[Source material Boundary: Start]

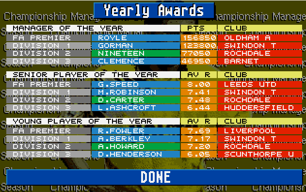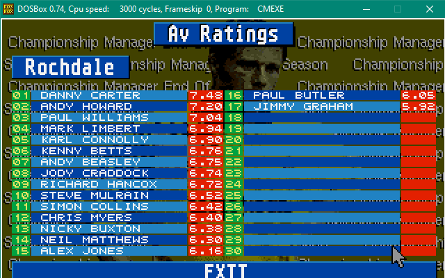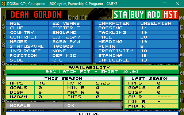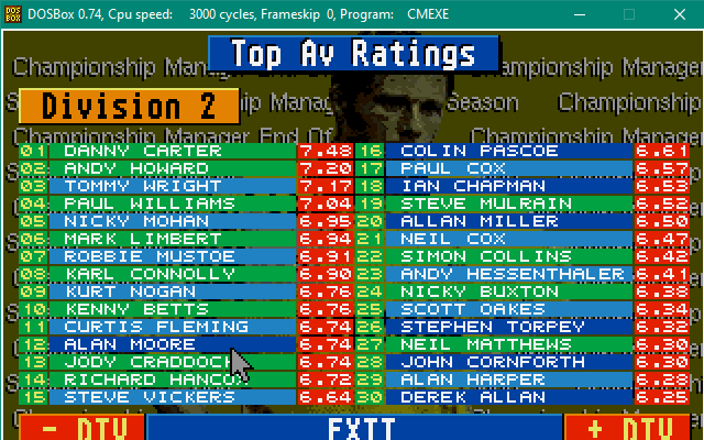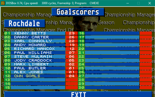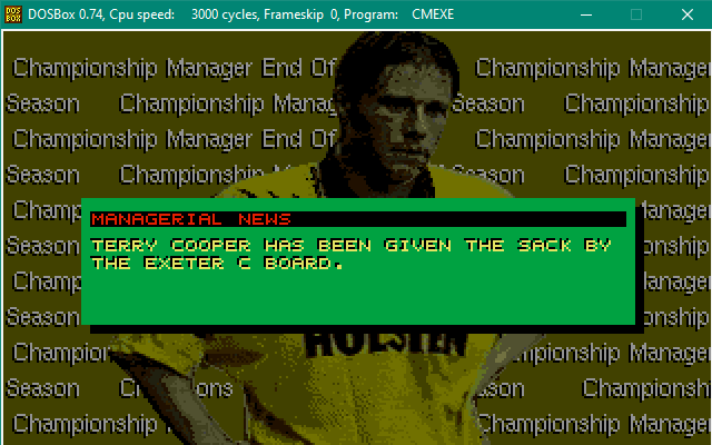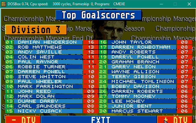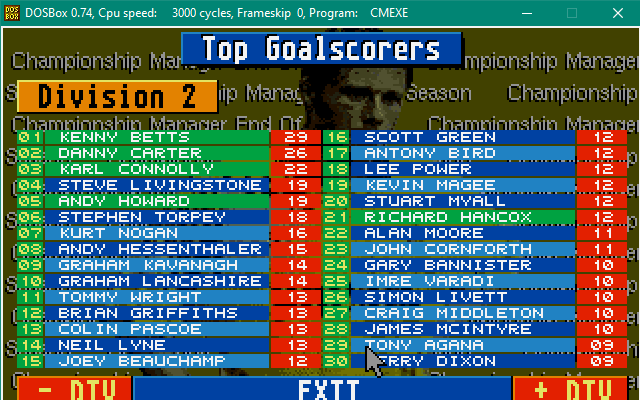 In shocking news, Exeter City are relegated from the football league, taking Championship Manager Legend Dean Gordon with them! Other big names dropping out of the football league with him are Alan Tonge, Stuart Storer, Jimmy Quinn, Steve McMahon and Jason Cousins!
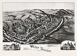 West Union, incorporated July 20, 1881, is a town and the county seat of Doddridge County, West Virginia, United States.[5] The population was 669 at the 2020 census.[2] The town is located along Middle Island Creek at the junction of U.S. Route 50 and West Virginia Route 18; the North Bend Rail Trail also passes through the town.[6]
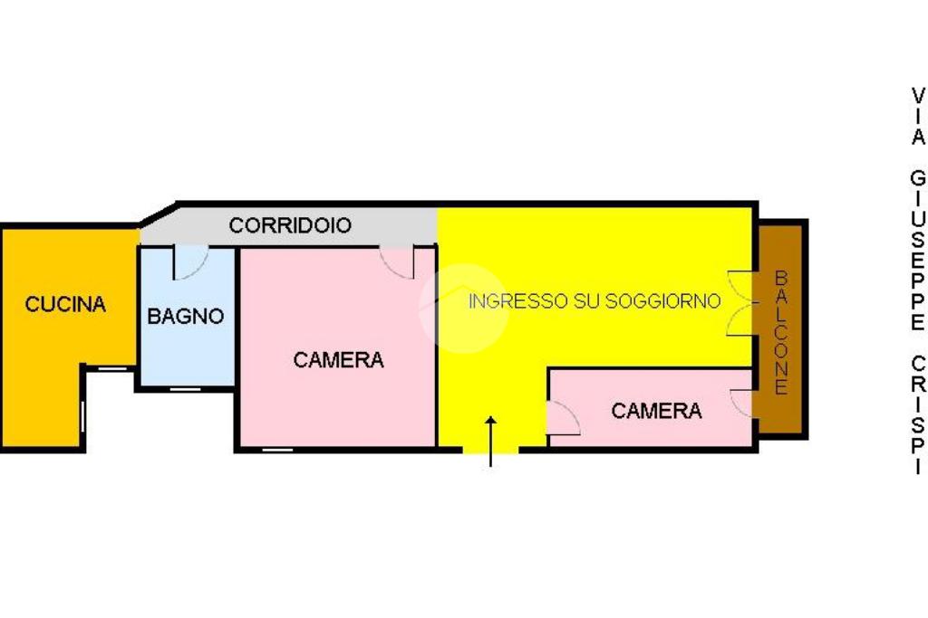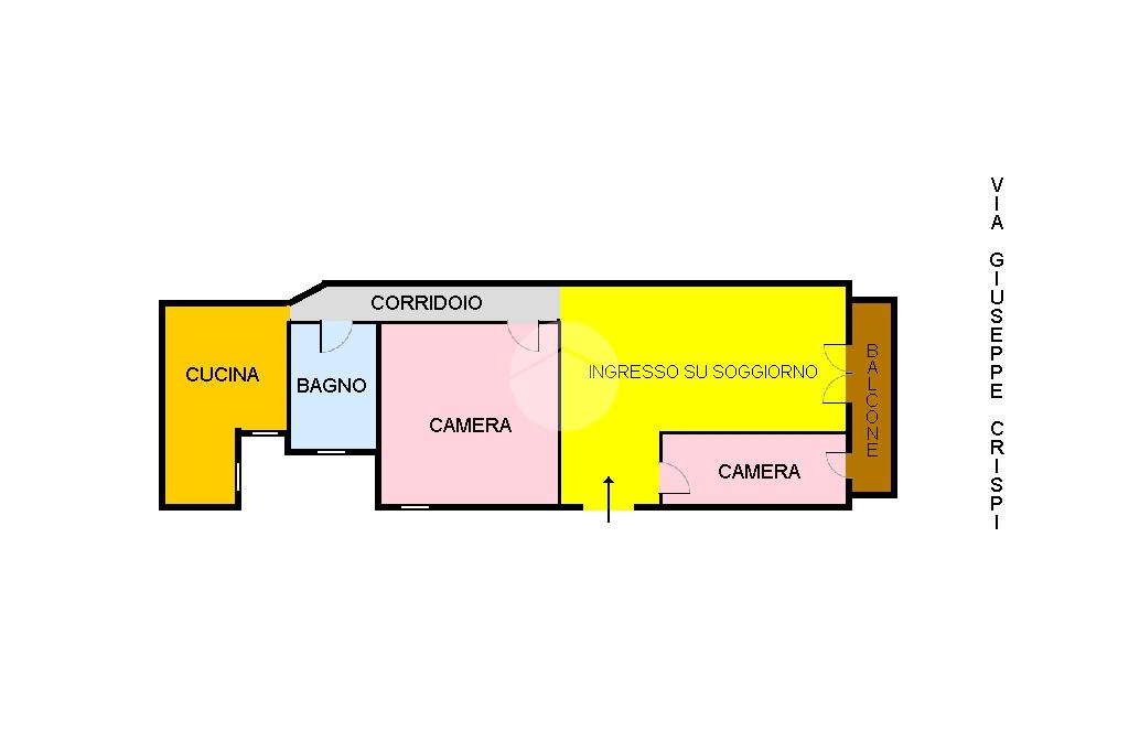 L’appartamento, di 72 mq commerciali, si presenta ben distribuito. L’ingresso si apre su un ampio soggiorno con adiacente cameretta, utilizzabile anche come studio o ripostiglio; entrambi gli ambienti si affacciano su un balcone con esposizione su Via Giuseppe Crispi. Un corridoio conduce alla camera da letto padronale, dotata di balcone a petto sul retroprospetto, al bagno con doccia e alla cucina semi-abitabile, entrambi anch’essi con esposizione interna.
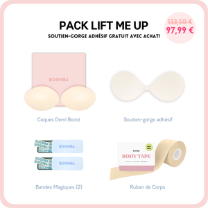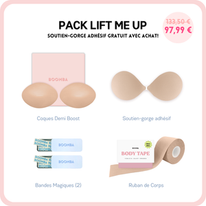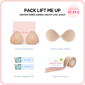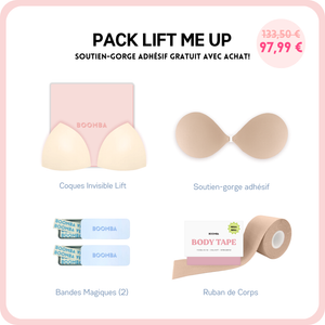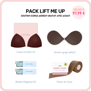 Si vous cherchez à avoir un peu plus de décolleté ou simplement ajouter plus de sécurité à votre tenue, ce pack est parfait pour vous. Ce lot comprend 1 Paire de N'IMPORTE QUELLE coque de votre choix, 1 Soutien-gorge adhésif, 2 Boîtes de Ruban Adhésif et 1 Méga Ruban de Corps. Ce pack vous aidera à avoir un lifting et un volume naturels.
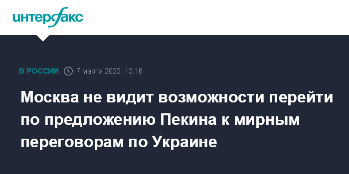 Москва не видит возможности перейти по предложению Пекина к мирным переговорам по Украине
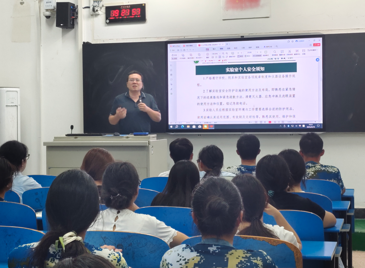 9月14日晚,太阳成tyc122cc集团面向2025级汉语言文学、汉语国际教育专业共248名员工开展实验室安全教育活动。太阳成tyc122cc集团副经理杜彬彬深入各班级,结合员工日常学习与生活实际,系统讲解了用电、用水、消防、常用仪器设备使用等基础安全知识,并重点介绍了实验室常见应急处理常识。
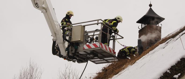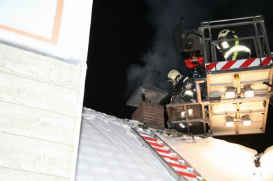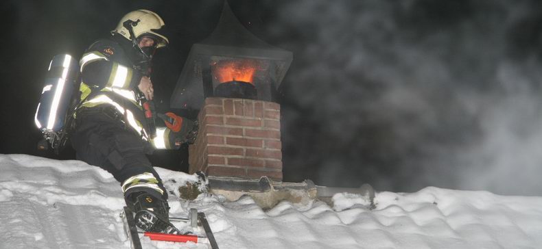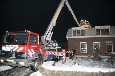 | Bij aankomst sloegen de vlammen uit de schoorsteen en werd eerst met een ladder de schoorsteen bekeken in afwachting van de hoogwerker. Met behulp van het hoogtevoertuig uit Hardenberg werd de schoorsteen geveegd. |
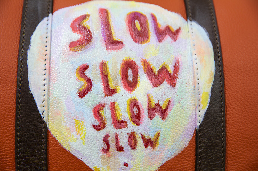 In this work, “SLOW” isn’t just a word—it’s a rhythm.Its fading repetition drifts like breath, inviting us to rethink our pace, our space, and how deeply we might need the stillness we so often avoid.
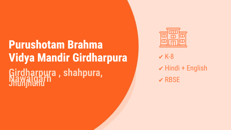 Purushotam Brahma Vidya Mandir Girdharpura is a well-established educational institution located in the rural area of Girdharpura, Shahpura, Nawalgarh in Jhunjhunu district of Rajasthan. Founded in the year 2000, this school has been serving the educational needs of the local community for over two decades. The school is affiliated with the Rajasthan Board of Secondary Education (RBSE) and offers quality education from primary to upper primary levels (K-8). With a commitment to providing accessible education in both Hindi and English mediums, the school caters to diverse linguistic preferences of students and families in the region. The institution operates under the leadership of Head Master Gopal Ram Saini and maintains a focused approach towards holistic development of students. The school boasts a dedicated faculty of 3 teachers, including 2 regular and 1 contract teacher, all of whom are male educators with strong academic backgrounds - 1 graduate and 2 post-graduates. The campus features 7 well-maintained classrooms providing adequate learning spaces for students. The school emphasizes creating a safe and inclusive learning environment with separate toilet facilities for boys and girls, ensuring privacy and hygiene. With a remarkable 100% selection ratio in results, the institution demonstrates its commitment to academic excellence and student success, making it a trusted choice for parents seeking quality education for their children in the Nawalgarh region.

[Source material Boundary: End]

Your goal »
Your task is to copy only the lines above starting at the one containing "schoorsteen geveegd. |" and ending at the one containing "so often avoid.". Copy them exactly, both ends included, and omit the pictures.

Task result »
 | Bij aankomst sloegen de vlammen uit de schoorsteen en werd eerst met een ladder de schoorsteen bekeken in afwachting van de hoogwerker. Met behulp van het hoogtevoertuig uit Hardenberg werd de schoorsteen geveegd. |
 In this work, “SLOW” isn’t just a word—it’s a rhythm.Its fading repetition drifts like breath, inviting us to rethink our pace, our space, and how deeply we might need the stillness we so often avoid.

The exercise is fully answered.